FDA refreshes bioequivalence guidance for generic drugs

Regulatory NewsRegulatory News | 20 August 2021 |  By 

Generic drug makers received a refreshed draft guidance from the US Food and Drug Administration on Friday; the guidance updates some recommendations on the conduct of bioequivalence (BE) studies that have pharmacokinetic endpoints.
In announcing the updated draft guidance’s availability, FDA said that the document is meant to "clarify the agency’s recommendations regarding BE information submitted in an [abbreviated new drug application] submission, provide assistance to potential ANDA applicants, and support access for patients to lower cost, high quality medicines.” The new revision updated a draft originally published in December 2013. (RELATED: FDA Updates Bioequivalence Testing Guidance Intended for Generic Drug Manufacturers, Regulatory Focus 04 December 2013)
Applicants who are planning an abbreviated new drug application (ANDA) submission should also consult relevant product-specific guidances for detailed information about which BE studies should be completed as part of the submission process, noted FDA.
The revised draft is rearranged so that some material that was originally in an attachment is now in the main body of the guidance, while other material has been moved to one of two appendices.

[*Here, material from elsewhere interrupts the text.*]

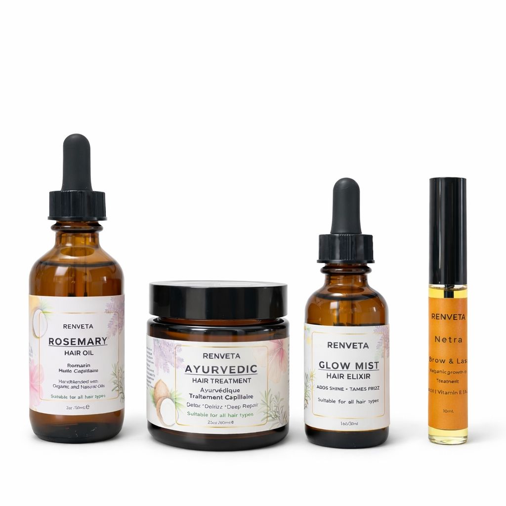 The Essential Hair Ritual is a comprehensive four-step system rooted in Ayurvedic principles.
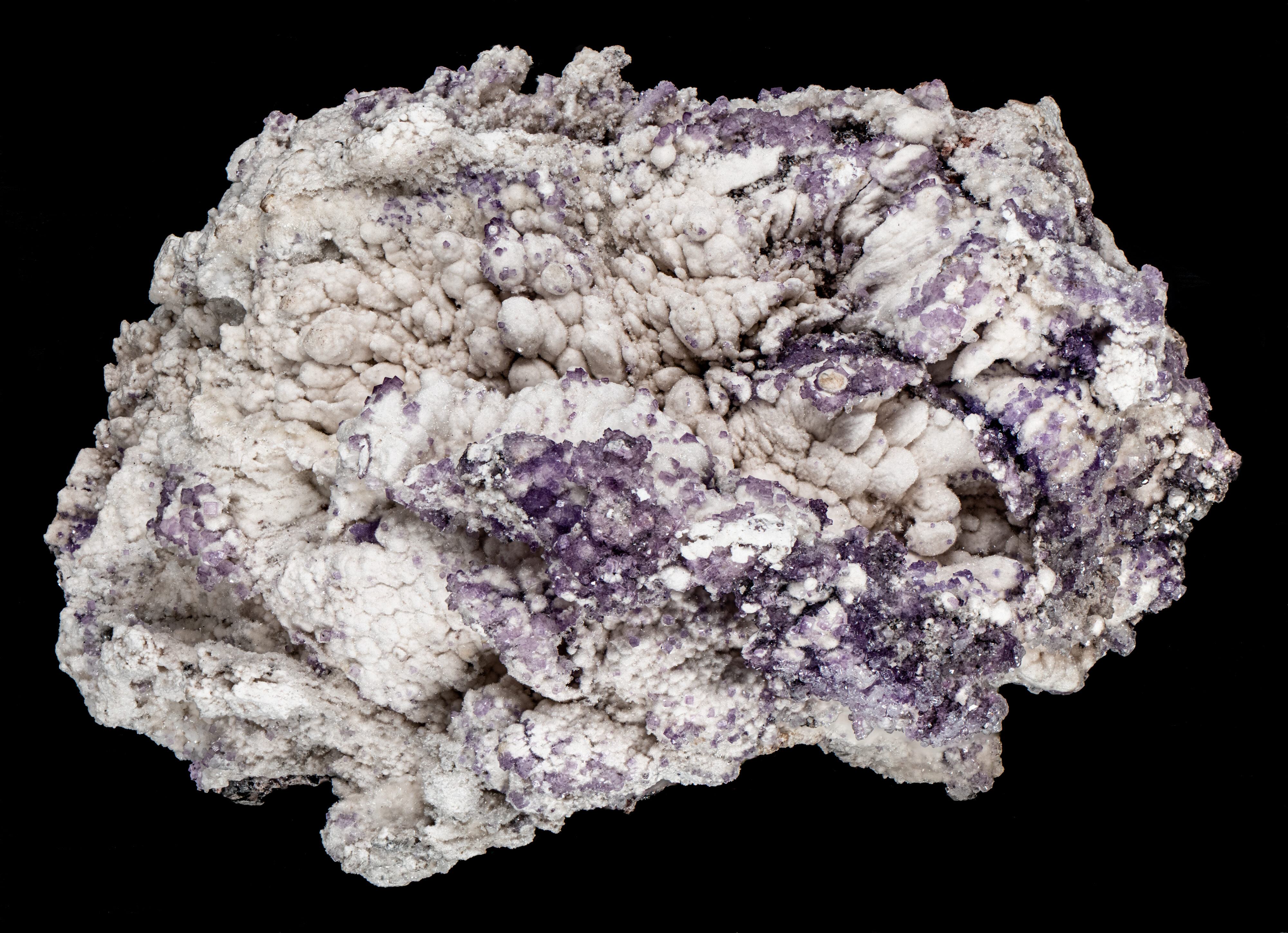 This is some new material recently recovered (2025) from the Santa Eulalia area, Chihuahua, Mexico. The specimen contains purple fluorite (CaF2) and hydrozincite (Zn5(CO3)2(OH)6). Hydrozincite is a secondary mineral formed from the alteration of other zinc bearing minerals such as sphalerite, hemimorphite, or smithsonite. It appears that the fluorite crystallized on the hydrozincite.

The first appendix largely parallels content of an attachment to the first draft, and provides general guidelines for study conduct.

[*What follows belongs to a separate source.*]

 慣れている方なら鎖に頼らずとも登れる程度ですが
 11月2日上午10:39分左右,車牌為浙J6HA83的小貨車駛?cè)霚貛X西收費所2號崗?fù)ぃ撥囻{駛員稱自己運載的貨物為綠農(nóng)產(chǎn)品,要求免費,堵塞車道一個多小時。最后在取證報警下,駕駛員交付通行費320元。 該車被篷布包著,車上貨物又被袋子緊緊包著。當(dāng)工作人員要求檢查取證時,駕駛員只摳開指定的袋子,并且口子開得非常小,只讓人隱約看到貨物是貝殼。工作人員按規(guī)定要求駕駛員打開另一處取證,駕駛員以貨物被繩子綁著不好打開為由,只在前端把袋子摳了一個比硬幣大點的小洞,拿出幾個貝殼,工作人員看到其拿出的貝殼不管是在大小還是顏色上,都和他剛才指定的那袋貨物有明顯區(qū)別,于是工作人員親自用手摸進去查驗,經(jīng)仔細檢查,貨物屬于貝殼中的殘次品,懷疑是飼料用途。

The second appendix is new; it provides a step-by-step guide to for using a reference-scaled average BE approach in statistical analysis of BE for highly variable drugs.
Revisions to the 2013 draft clarify that ANDA applicants must submit results of all BE studies conducted on a drug substance that has the same formulation as the proposed drug product. The revised guidance also clarifies the situations when a replicate crossover study design might be appropriate.

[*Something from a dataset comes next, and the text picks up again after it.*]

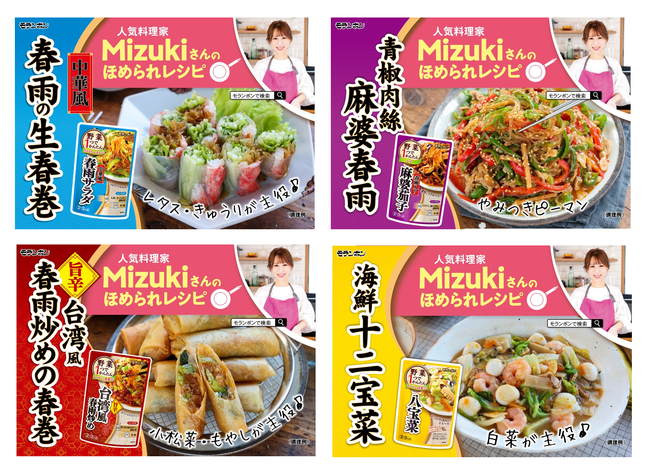 (中華風春雨サラダ/春雨入り麻婆茄子/台湾風春雨炒め/八宝菜)
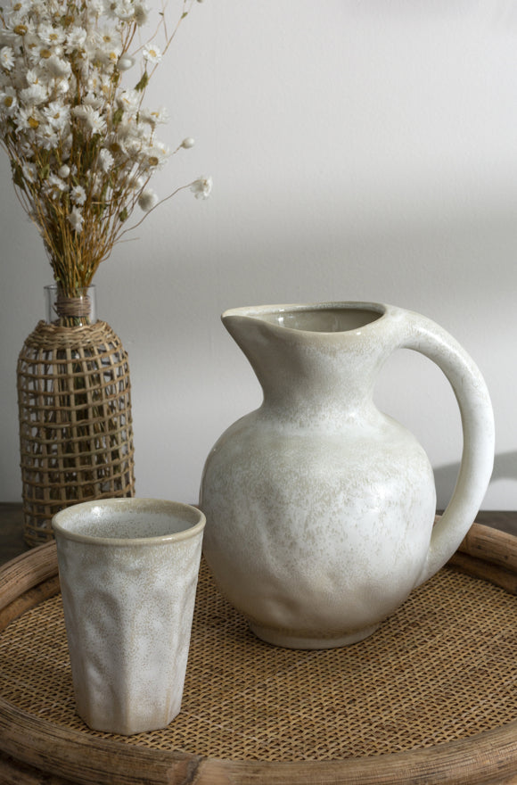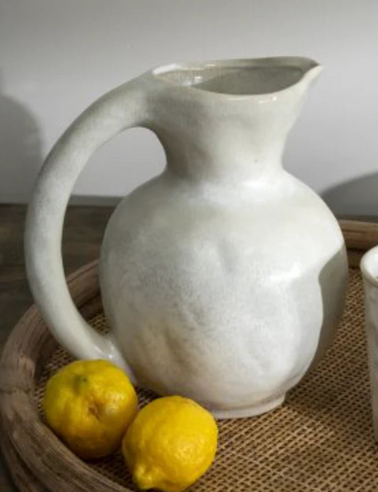 This vintage-inspired ceramic pitcher offers a striking silhouette, a sweeping handle and an opening shaped for the perfect pour. Boasting an artful hand-painted finish, the Ashen Pitcher is food-safe and part of Accent Decor’s new kitchen collection. Holds 90 oz

The document’s guidance on selection of the study population now includes an expanded explanation of how a BE assessment in adults can be used to support BE assessment in pediatric populations, noting that an accompanying justification should “include information supporting that the inactive ingredients in the proposed products are appropriate for use in the pediatric population.”
Additional information is also included about calculating extent of exposure for single-dose studies, and revisions were made to recommendations for calculating partial exposure as well. The revised draft guidance provides additional considerations for when a fed BE study should be conducted in addition to a fasting BE study, and for the conduct of sprinkle BE studies.
The revised draft also includes additional considerations for BE testing for delayed-release products, and clarifies the conditions under which additional strengths of modified-release products are considered to have bioequivalency. More detail regarding other delivery methods such as orally disintegrating tablets, sublingual tablets, and transdermal delivery is also included in the updated draft guidance.
The section on in vitro dissolution testing includes reference to additional guidance issued after the original draft’s 2013 publication date.
“FDA is publishing this revised draft guidance to solicit public comments on the topics discussed in the guidance,” noted the agency in its announcement.